> [BRIEF]: Would you transcribe only the lines below, from the one containing "Nagy aláírásgyűjtemény, nagyrészt" through the end of the material, exactly and with no pictures?
BEGIN
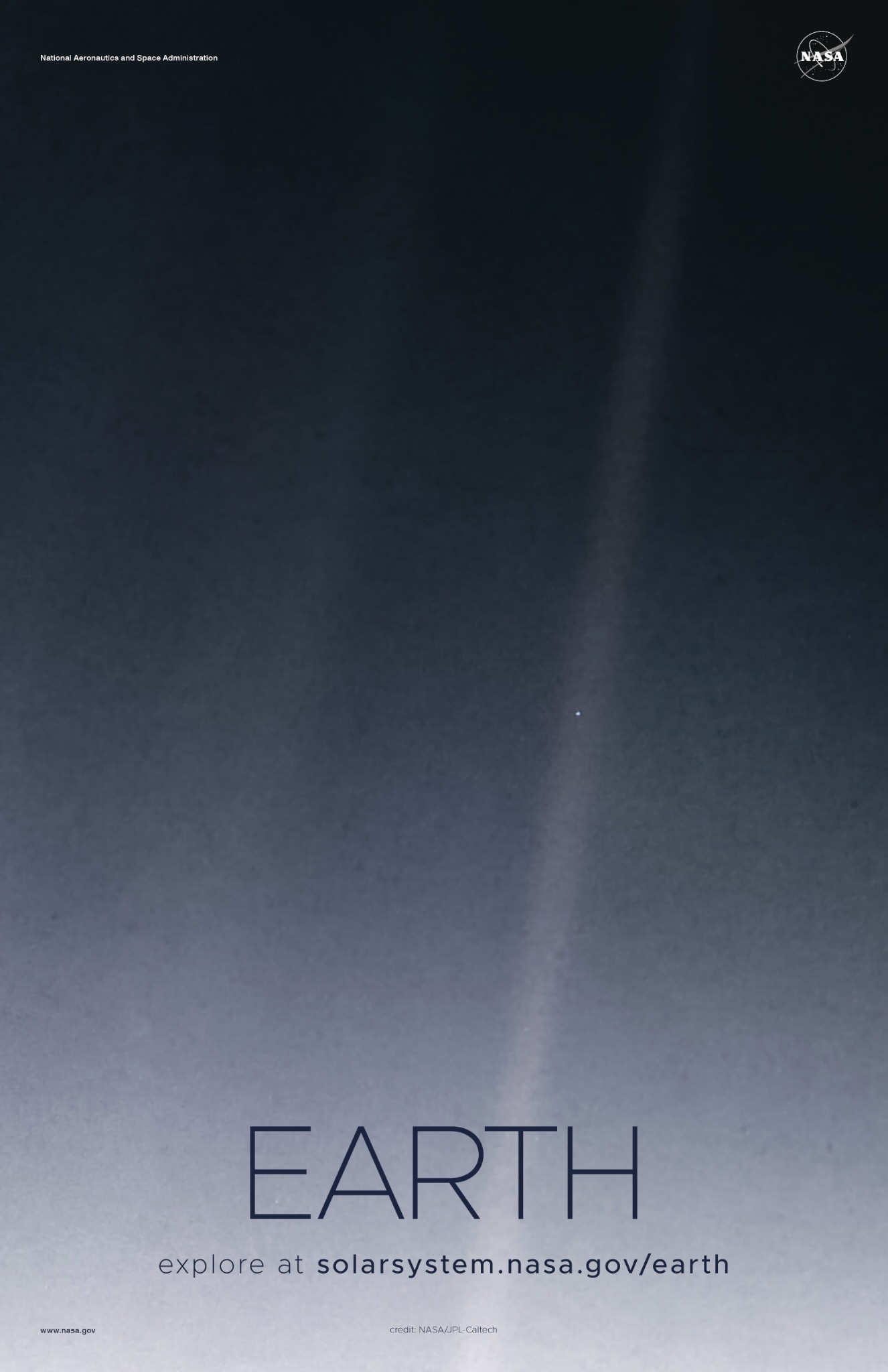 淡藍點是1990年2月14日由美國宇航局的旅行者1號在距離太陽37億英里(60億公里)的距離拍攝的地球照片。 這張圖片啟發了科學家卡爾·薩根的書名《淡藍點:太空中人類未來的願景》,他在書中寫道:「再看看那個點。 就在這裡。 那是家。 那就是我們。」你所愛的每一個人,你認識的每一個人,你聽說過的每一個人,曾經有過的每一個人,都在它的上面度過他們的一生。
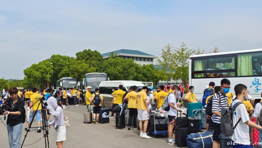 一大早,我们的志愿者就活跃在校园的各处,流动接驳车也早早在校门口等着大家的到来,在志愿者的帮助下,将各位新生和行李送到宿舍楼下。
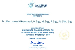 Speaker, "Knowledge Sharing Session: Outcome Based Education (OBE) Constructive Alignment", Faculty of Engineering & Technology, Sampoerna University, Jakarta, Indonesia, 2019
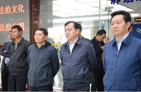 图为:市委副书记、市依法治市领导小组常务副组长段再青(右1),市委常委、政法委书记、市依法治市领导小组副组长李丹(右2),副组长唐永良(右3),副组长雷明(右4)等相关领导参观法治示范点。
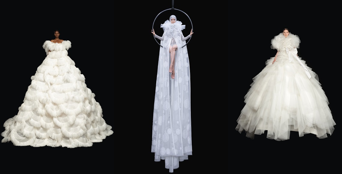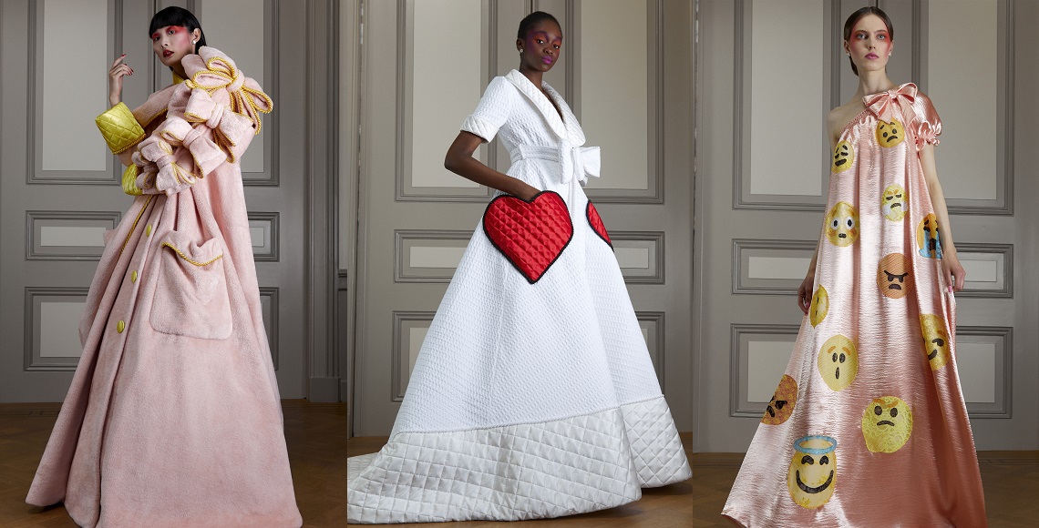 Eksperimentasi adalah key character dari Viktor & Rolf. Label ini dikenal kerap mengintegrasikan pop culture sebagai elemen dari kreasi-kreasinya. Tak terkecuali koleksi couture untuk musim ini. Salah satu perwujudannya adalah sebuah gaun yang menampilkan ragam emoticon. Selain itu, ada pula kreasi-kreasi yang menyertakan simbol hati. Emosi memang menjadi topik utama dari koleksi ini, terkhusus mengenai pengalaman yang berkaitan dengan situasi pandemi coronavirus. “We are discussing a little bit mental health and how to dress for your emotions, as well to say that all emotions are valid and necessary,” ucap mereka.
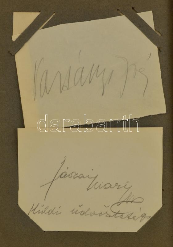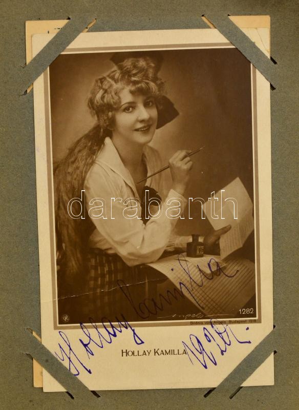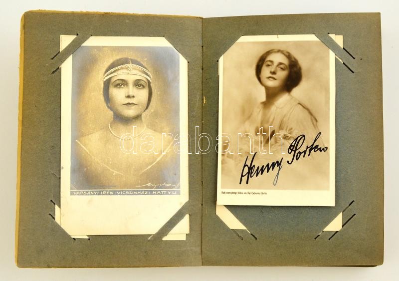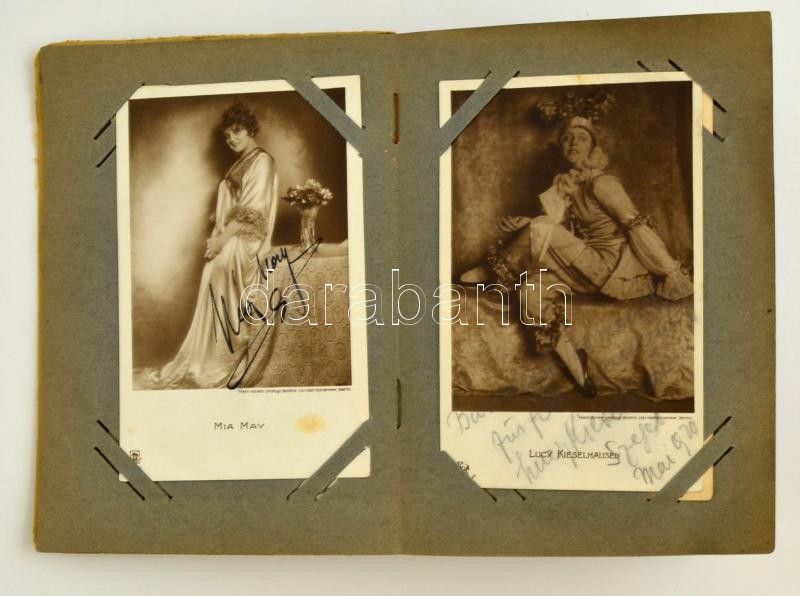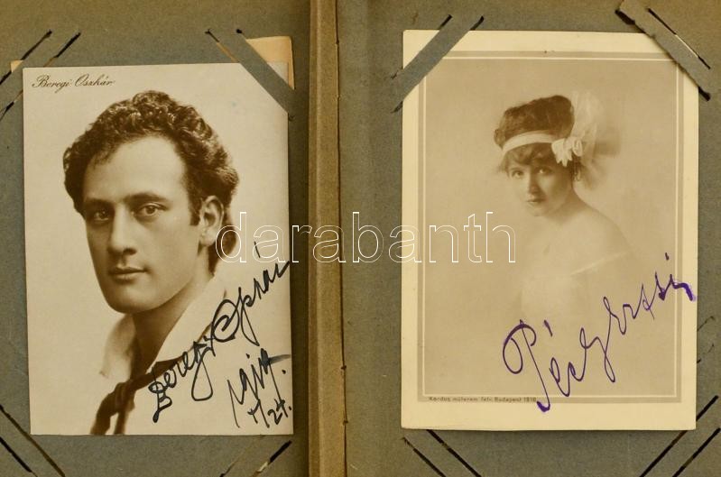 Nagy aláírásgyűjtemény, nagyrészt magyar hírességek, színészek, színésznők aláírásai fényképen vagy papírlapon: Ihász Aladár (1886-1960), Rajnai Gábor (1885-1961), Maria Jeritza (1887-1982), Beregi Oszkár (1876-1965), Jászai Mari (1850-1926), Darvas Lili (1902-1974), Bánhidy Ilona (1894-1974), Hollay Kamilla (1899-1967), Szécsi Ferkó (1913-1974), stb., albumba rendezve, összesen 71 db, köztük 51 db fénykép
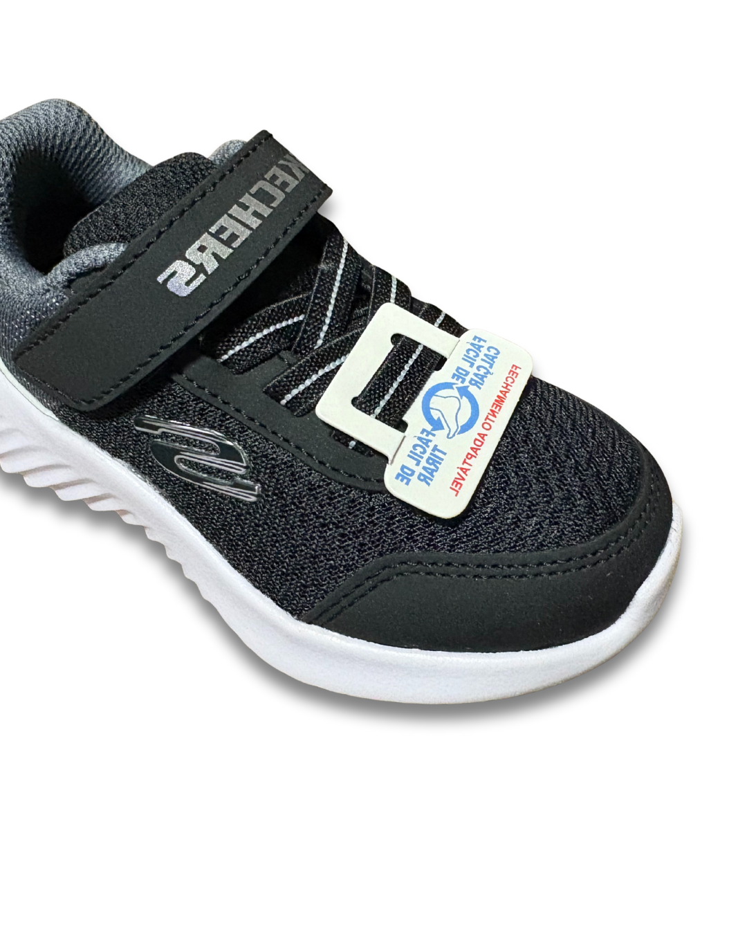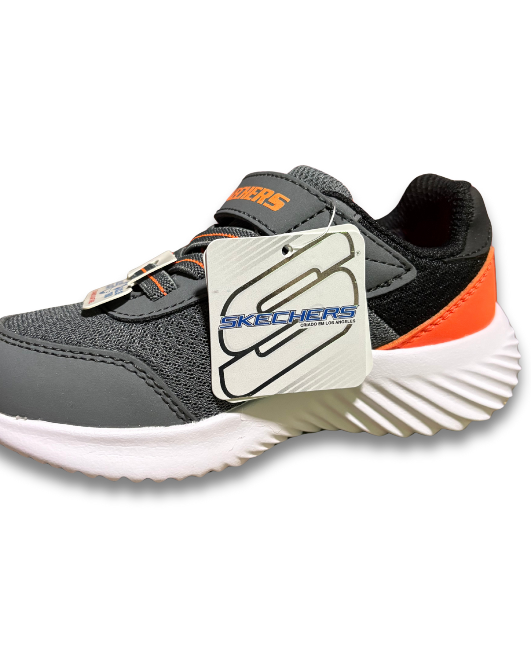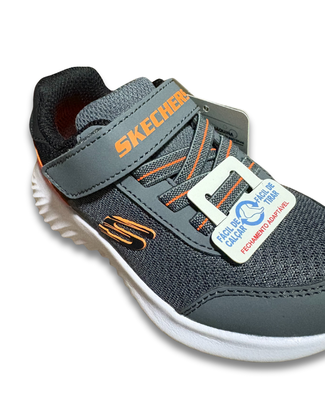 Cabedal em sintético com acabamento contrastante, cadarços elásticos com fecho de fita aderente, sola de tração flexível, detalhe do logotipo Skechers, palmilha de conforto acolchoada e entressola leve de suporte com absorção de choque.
END
> [RESPONSE TO THIS EXERCISE]:
 Nagy aláírásgyűjtemény, nagyrészt magyar hírességek, színészek, színésznők aláírásai fényképen vagy papírlapon: Ihász Aladár (1886-1960), Rajnai Gábor (1885-1961), Maria Jeritza (1887-1982), Beregi Oszkár (1876-1965), Jászai Mari (1850-1926), Darvas Lili (1902-1974), Bánhidy Ilona (1894-1974), Hollay Kamilla (1899-1967), Szécsi Ferkó (1913-1974), stb., albumba rendezve, összesen 71 db, köztük 51 db fénykép
 Cabedal em sintético com acabamento contrastante, cadarços elásticos com fecho de fita aderente, sola de tração flexível, detalhe do logotipo Skechers, palmilha de conforto acolchoada e entressola leve de suporte com absorção de choque.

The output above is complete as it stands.